Wawan mengungkapkan keinginannya agar anak-anak di lingkungannya juga bisa mengenyam pendidikan hingga perguruan tinggi seperti dirinya. Satu hal yang menjadi penyesalan dirinya dahulu adalah kenapa dirinya mau masuk ke STM dan bukannya masuk ke SMA. Wawan memang mengakui bahwa keinginan untuk masuk ke STM adalah keinginannya, namun sedikit banyaknya juga karena dipengaruhi oleh taman-temannya juga. Teman sepergaulannya semuanya masuk ke STM yang sama sehingga Wawan merasa takut jika masuk ke sekolah lain akan sulit menemukan teman.

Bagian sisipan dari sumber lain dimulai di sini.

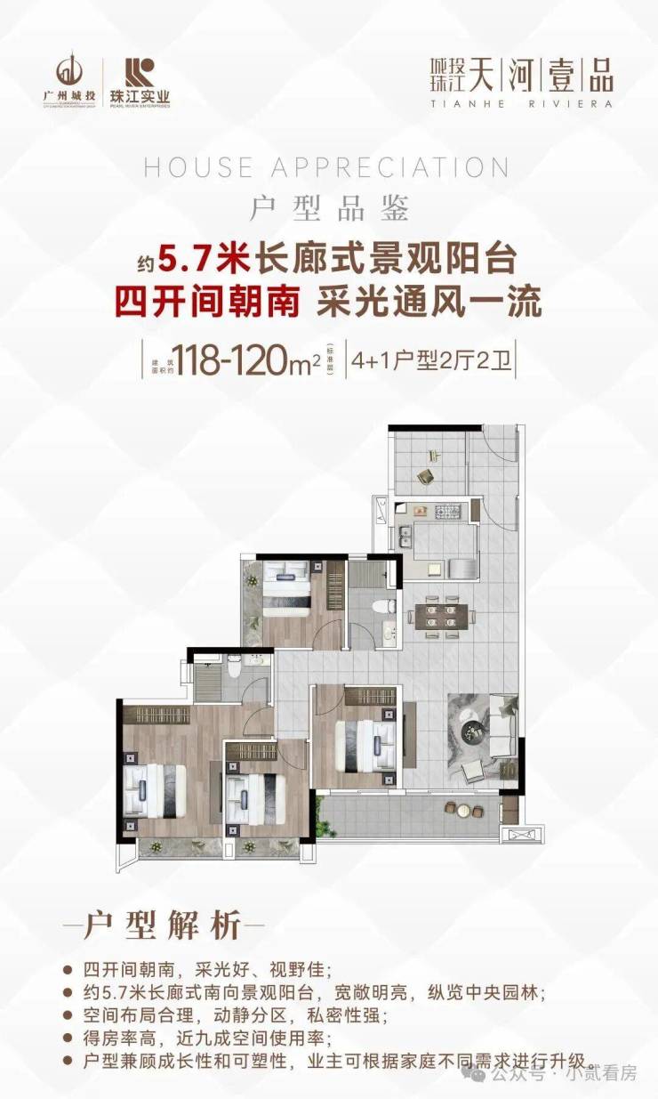 建面120平4+1房,入户处多了一个灵动空间,可改成5房,四开间朝南,全屋大飘窗设计,5.7米观景大阳台

Namun, yang terjadi menurutnya adalah setelah dirinya tamat dari sekolah tersebut, Wawan merasa tidak mendapatkan apa-apa selama di STM. Wawan

malah merasa dirinya semakin nakal dan juga semakin jauh tertinggal dari orang lain. Hal tersebut diungkapkan Wawan karena ketika masuk kuliah dirinya sama sekali tertinggal dalam bidang apapun dari teman-teman kuliahnya yang rata-rata berasal dari SMA. Wawan memang tidak mengambil kesimpulan bahwa STM merupakan pilihan yang buruk dan SMA adalah pilihan yang terbaik. Namun, hal yang ingin disampaikan Wawan adalah seharusnya orangtua memberi kesempatan kepada anak untuk memilih pendidikan yang seperti apa yang diinginkan. Wawan juga ingin agar setiap anak di lingkungannya memilih jenis pendidikan yang diinginkannya, bukan karena ingin ikut-ikutan dengan teman.